The Center for Information Technology Research in the Interest of Society, or CITRIS, and the Banatao Institute held a “Data, Democracy & Design: Conversations in Tech Policy” symposium Monday. 

The symposium took place at the Banatao Auditorium and Kvamme Atrium in Sutardja Dai Hall and was hosted by CITRIS, an interdisciplinary research partnership between UC Berkeley, UC Davis, UC Merced and UC Santa Cruz. 

The event featured poster presentations from groups of CITRIS student researchers showcasing novel approaches on ethical technology regulation, followed by discussions with panels of influential figures in technology, industry, academia and government.

“Technology is neither good nor evil. What matters is that it is guided by the right hands,” said former California Gov. Gray Davis in a video address played after the presentations. 

Sophomore Aditya Mehta, along with three graduate students, presented their research on how to combat job loss caused by AI.

“Both of my parents lost their jobs to AI in the last year,” Mehta said. “(We’re proposing) a two-pronged policy solution around upskilling people and ensuring that they’re augmented and not automated by AI (through apprenticeships) … and a dividend fund for California, which aims to redistribute the profits from AI (companies) in order to reduce inequality.”

The idea of a dividend fund holds precedent in other states outside of California. 

For example, Alaska and Texas each operate one by taking money from industries that consume natural resources, such as oil and mineral extraction, and redistribute the profits to residents. 
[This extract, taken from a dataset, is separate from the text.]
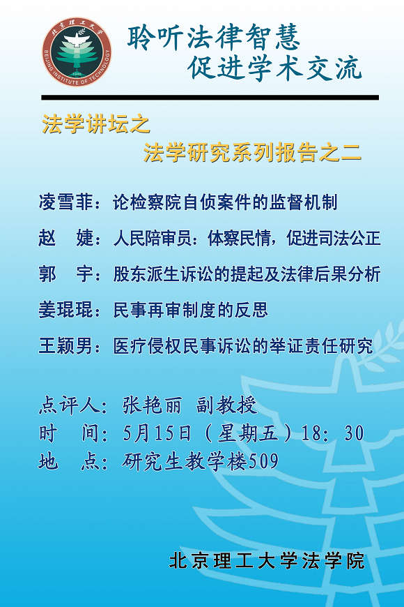 法学研究生系列报告会,是法学学科硕士研究生开展的一项传统学术活动,今年已经是第五届,也是法学院成立以来的第一届报告会。法学院自成立以来,重新定位、规划了学术活动的体系,整合资源,创立了“理公明法”法学讲坛,研究生系列报告会也被纳入讲坛,这位法学院研究生学术创新活动提供了一个更高、更广阔的平台。

“Humans will become gradually disempowered as they lose the means of holding others accountable to their own interests,” said Sean Richardson, a first-year statistics Ph.D. student who works in the same group as Mehta. “In the future, where … more of the tax revenue comes from capital, especially … AI companies, human values may cease to be prioritized.”

Mehta and Richardson were inspired by a recent study from Stanford University that revealed employment for software developers aged 22-25 declined by nearly 20% from its peak in late 2022 to September 2025.

For occupations that the researchers designated as “AI-exposed,” workers in the 22-25 age group experienced a 16% relative decline in employment, even after controlling for firm-level economic shocks. 

“We need more places for the community to come together … and talk about these important issues that people aren’t really talking about anywhere else,” said Steven Luo, a research assistant for the CITRIS Technology Policy Initiative who helped put together the event. “People are interested in this … you could tell from attendance, the enthusiasm at the reception; people are really interested in tech policy.”